At that time, the government of British Columbia applied a sales tax to books. In this case it was four cents.
“I can’t pay that,” she said. “A tax on books. I think it is immoral. I would rather go to jail. Don’t you agree?”
I agreed. I did not point out — as I would have done with anybody else — that the store would not be let off the hook on that account.
“Don’t I sound appalling?” she said. “See what this government can do to people? It makes them into orators .”
She put the book in her bag without paying the four cents, and never paid the tax on any future occasion.
I described the two of them to the Notary Public. He knew at once who I meant.
“I call them the Duchess and the Algerian,” he said. “I don’t know what the background is. I think maybe he’s a retired terrorist. They go around the town with a wagon, like scavengers.”

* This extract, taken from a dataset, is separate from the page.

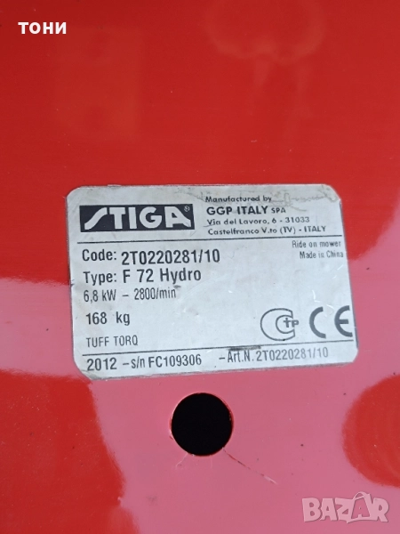Тракторна косачка Castelgarden . Компанията е със седалище Italy и е част от Stiga Group. Двигател Briggs Stratton 17.5hp. Трансмисия-ръчна,6скорости. Задно изхвърляне на окосената трева с кош. 7нива на косене. Цена 3900лв. Телефон/viber 0878393400 /450258/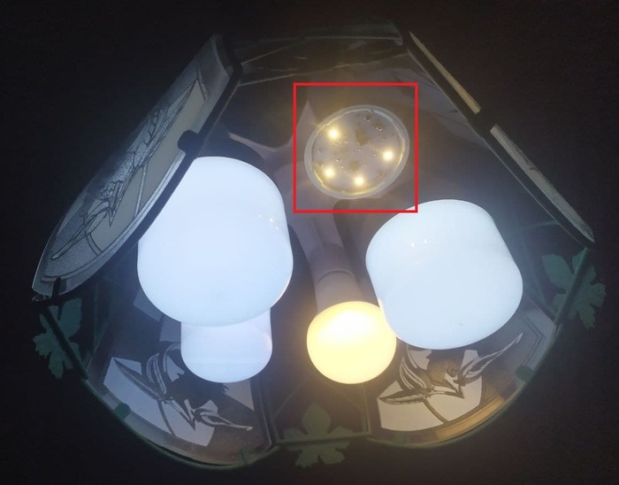 Тестируем в одной люстре. Рядом кстати лампочки на 15 и 20Вт, купил на пробу, не уверен что долго проживут.

I got a note asking me to supper on a Sunday evening. It was signed Charlotte , without a surname, but the wording and handwriting were quite formal.
My husband Gjurdhi and I would be delighted—
Up until then I had not wished for any invitations of this sort and would have been embarrassed and disturbed to get one. So the pleasure I felt surprised me. Charlotte held out a decided promise; she was unlike the others whom I wanted to see only in the store.
The building where they lived was on Pandora Street. It was covered with mustard stucco and had a tiny, tiled vestibule that reminded me of a public toilet. It did not smell, though, and the apartment was not really dirty, just horrendously untidy. Books were stacked against the walls, and pieces of patterned cloth were hung up droopily to hide the wallpaper. There were bamboo blinds on the window, sheets of colored paper — surely flammable — pinned over the light bulbs.
“What a darling you are to come,” cried Charlotte. “We were afraid you would have tons more interesting things to do than visiting ancient old us. Where can you sit down? What about here?” She took a pile of magazines off a wicker chair. “Is that comfortable? It makes such interesting noises, wicker. Sometimes I’ll be sitting here alone and that chair will start creaking and cracking exactly as if someone were shifting around in it. I could say it was a presence, but I’m no good at believing in that rubbish. I’ve tried.”